Please reproduce, exactly as given, the lines running from the start of the data to the line containing "WC (elektr.) |", inclusive, and omit the pictures.
-- Opening Marker --
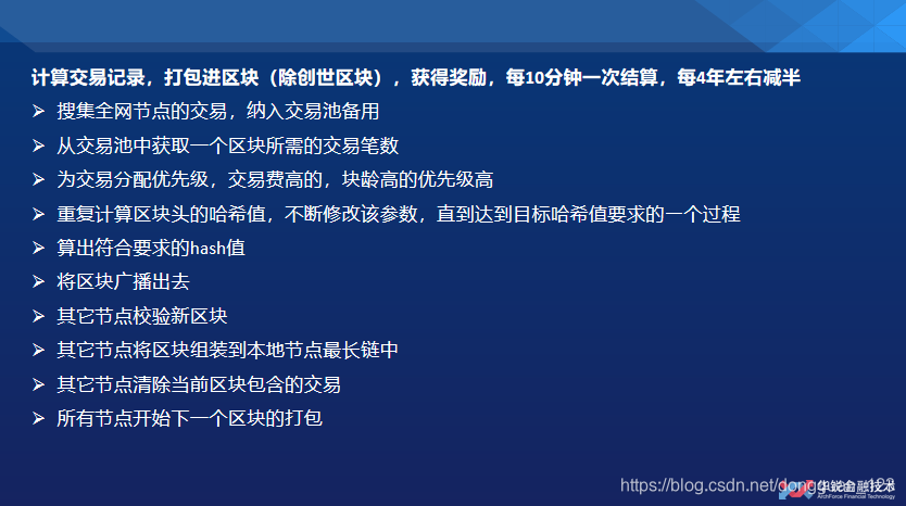 注:工作量证明POW,给定一个难度系数(hash目标值),一般是给一个256位的二进制数,比如前面60位都是0作为目标值。以上一个区块的hash(这个hash是用上一个区块的头部,包括版本号、上上一块区块的hash、Merkle根hash值、时间戳等根据规定方法融合在一起进行hash算法得出的hash值)为入参之一,再加上一个随机数,暴力尝试修改这个随机数,相当于不停修改入参,得到符合目标hash值(小于目标hash值即可)的随机值,即得到系统的承认,并且获得系统的奖励6个左右比特币(当前时间节点),这6个系统奖励就是无中生有创造出来的,即发行比特币的过程。系统奖励的币无需校验上输入,即上一个给你币的人。然后用这个随机数和上一区块的hash值融合起来,进行一次hash运算,得到的hash值就是下一个区块暴力破解难题的hash入参,如此循环下去,不停挖矿。
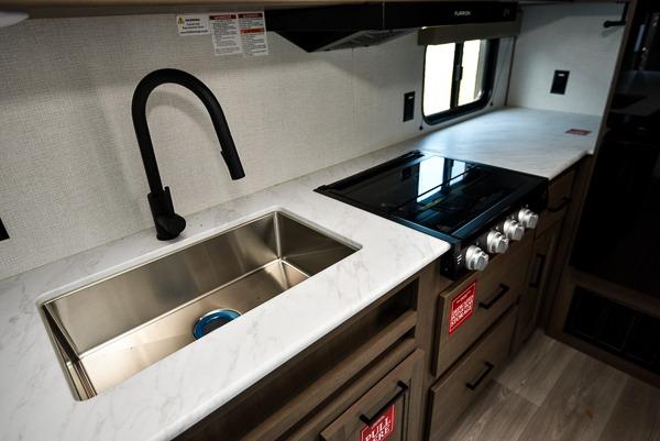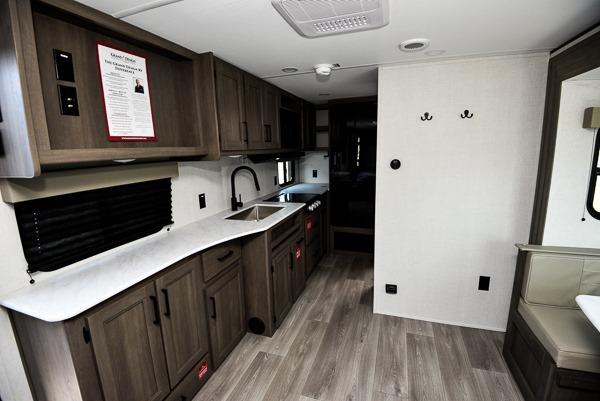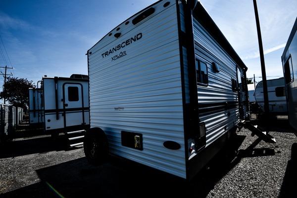 The only thing you need to worry about when you go camping is where to park this Transcend Xplor travel trailer! You'll have everything you need each day to prepare meals, including a three-burner cooktop, a microwave oven, and plenty of counter space. The front queen bed includes overhead cabinets for your books, plus underbed storage for shoes! Choose the optional theater seats in place of the dinette, and you won't even know you're away from home!
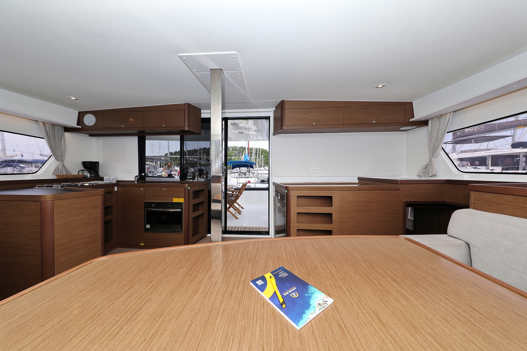 | Inside | 2. Kühlschrank, 220V Steckdosen, Backofen, Borduhr, Elektrische Filterkaffeemaschine, Fäkalientank, Gasherd, Heizung, Klimaanlage (Landstrom), Kühlschrank mit Gefrierfach, Ladegerät, Landstromkabel, Lautsprecher im Salon, Mokkakanne, Pantryausstattung, Radio, Spülbecken, USB Steckdosen in Salon und Kabinen, Warmwasser, Wasserkocher, WC (elektr.) |
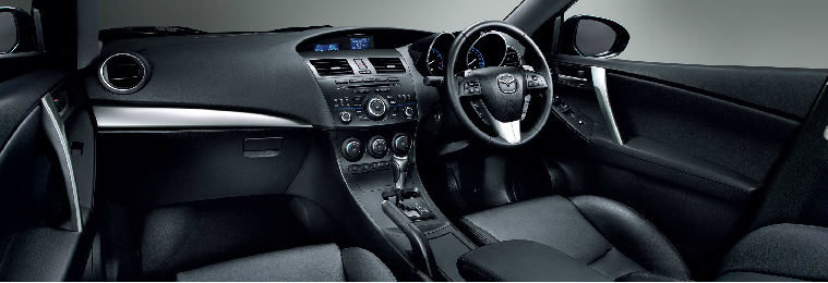 - ภายในของมาสด้า 3 ใหม่ปี 2013 ได้ถูกออกแบบมาเพื่อให้คนขับเป็นศูนย์กลางควบคุมทุกฟังก์ชั่นอย่างง่ายและสะดวก คอนโซลหน้ามีการออกแบบดีไซน์ใหม่ให้โค้งมน ไร้รอยต่า สไตล์โซนนิ่ง แผงมาตรวัดและหน้าจอแสดงข้อมูลที่จำเป็นต่อการขับขี่ ทุกฟังก์ชั่นได้ถูกจัดวางให้อยู่ในตำแหน่งที่ผู้ขับไม่ต้องละสายตาจากถนน และถ่ายทอดอารมณ์ความหรูด้วยเบาะหนังแท้สไตล์สปอร์ต
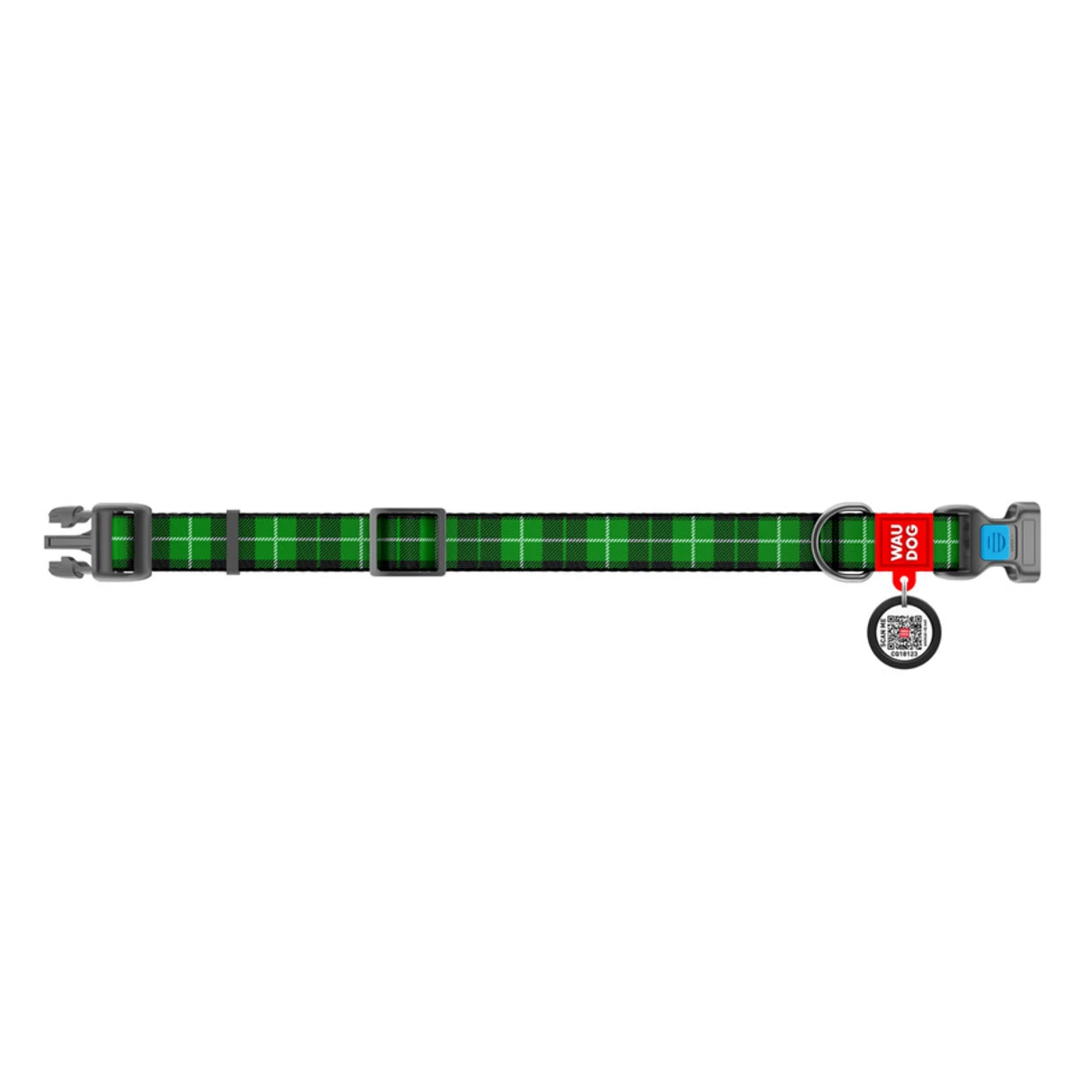 Нашийник для собак нейлоновий WAUDOG Nylon з QR паспортом, малюнок "Шотландка зелена", пластиковий фастекс, Ш 25 мм, Дл 35-58 см
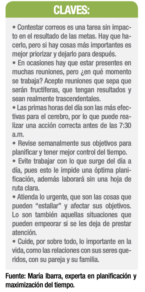 “Nos han vendido la idea de que entre más hacemos somos más productivos, o que entre más rápido hacemos las cosas más eficientes somos y eso está equivocado, son pocas las personas capaces de hacer varias cosas a la vez y hacerlas velozmente”, comenta María Ibarra, experta en planificación y maximización del tiempo.
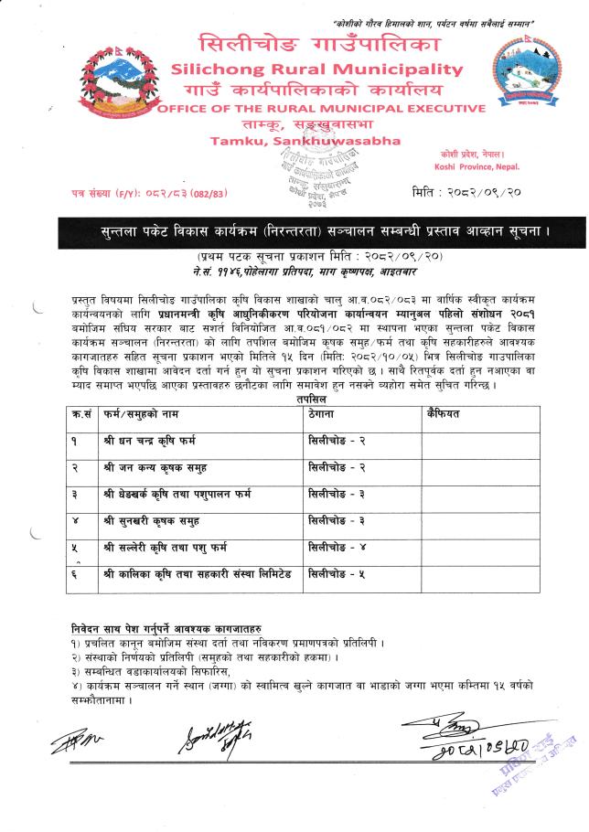 » सुन्तला पकेट विकास कार्यक्रम (निरन्तरता )सञ्चालन सम्बन्धी प्रस्ताव आह्रानको सूचना।
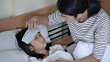 Mutter rührende Tochter Stirn Messen Temperatur, Pflege, health.4k
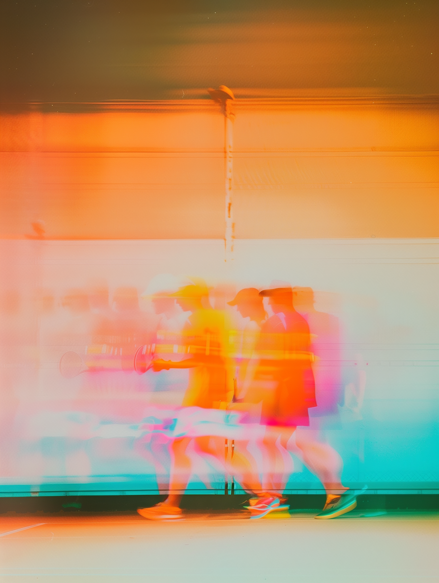Abstract motion blur of two people walking with rackets, layered in neon colors like orange, pink, and teal, creating a surreal sports vibe.
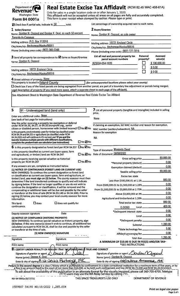 | Mailing Address: | 1095 ARROWHEAD RD CAMANO ISLAND, WA 98282 | % Ownership: | 100.0000000000% |
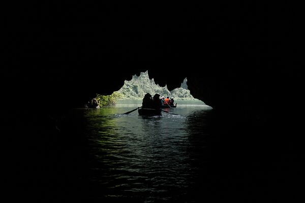 Later, visit Trang An Grottoes, get on a rowing boat traveling along the river with scenic mountain and green fields landscape.
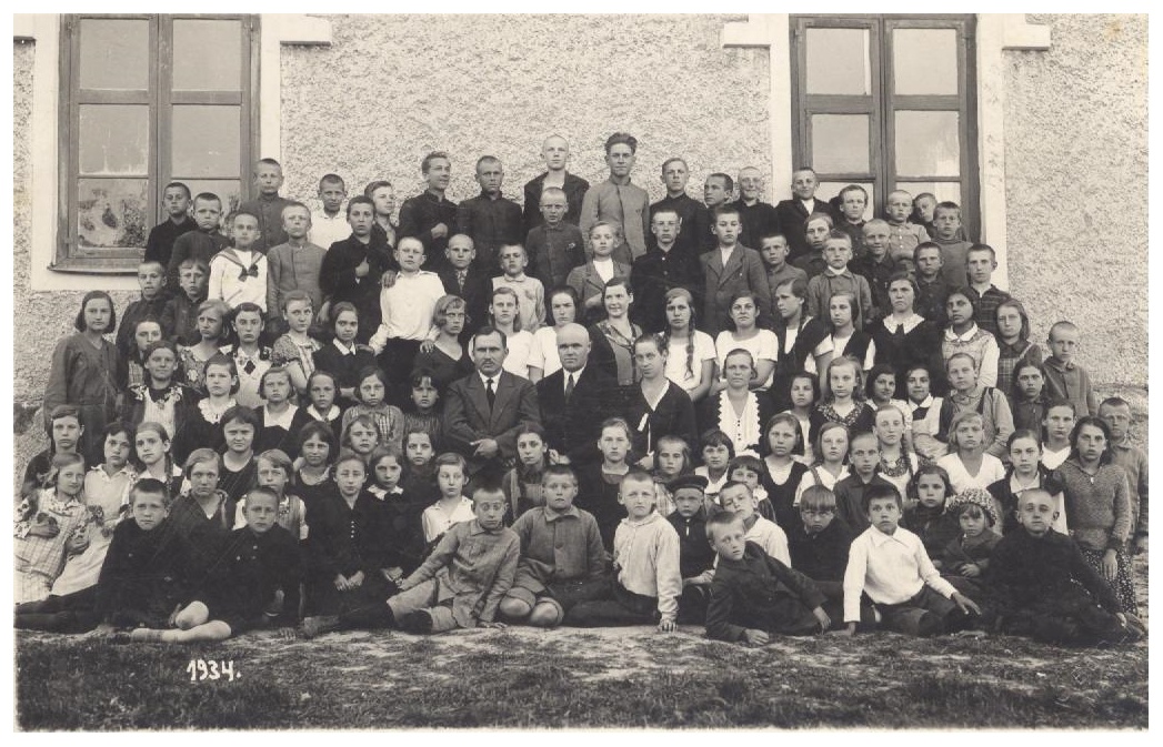 Vidū skolotāji no kreisās puses: skolas pārzinis P.Mednis, Jānis Dukmanis, M.Dukmane, Poiša pie skolas. Ar šādu nosaukumu skola pastāvēja no 1921.gada līdz 1941.gadam.
-- Closing Marker --
# WORKED SOLUTION:
 注:工作量证明POW,给定一个难度系数(hash目标值),一般是给一个256位的二进制数,比如前面60位都是0作为目标值。以上一个区块的hash(这个hash是用上一个区块的头部,包括版本号、上上一块区块的hash、Merkle根hash值、时间戳等根据规定方法融合在一起进行hash算法得出的hash值)为入参之一,再加上一个随机数,暴力尝试修改这个随机数,相当于不停修改入参,得到符合目标hash值(小于目标hash值即可)的随机值,即得到系统的承认,并且获得系统的奖励6个左右比特币(当前时间节点),这6个系统奖励就是无中生有创造出来的,即发行比特币的过程。系统奖励的币无需校验上输入,即上一个给你币的人。然后用这个随机数和上一区块的hash值融合起来,进行一次hash运算,得到的hash值就是下一个区块暴力破解难题的hash入参,如此循环下去,不停挖矿。
 The only thing you need to worry about when you go camping is where to park this Transcend Xplor travel trailer! You'll have everything you need each day to prepare meals, including a three-burner cooktop, a microwave oven, and plenty of counter space. The front queen bed includes overhead cabinets for your books, plus underbed storage for shoes! Choose the optional theater seats in place of the dinette, and you won't even know you're away from home!
 | Inside | 2. Kühlschrank, 220V Steckdosen, Backofen, Borduhr, Elektrische Filterkaffeemaschine, Fäkalientank, Gasherd, Heizung, Klimaanlage (Landstrom), Kühlschrank mit Gefrierfach, Ladegerät, Landstromkabel, Lautsprecher im Salon, Mokkakanne, Pantryausstattung, Radio, Spülbecken, USB Steckdosen in Salon und Kabinen, Warmwasser, Wasserkocher, WC (elektr.) |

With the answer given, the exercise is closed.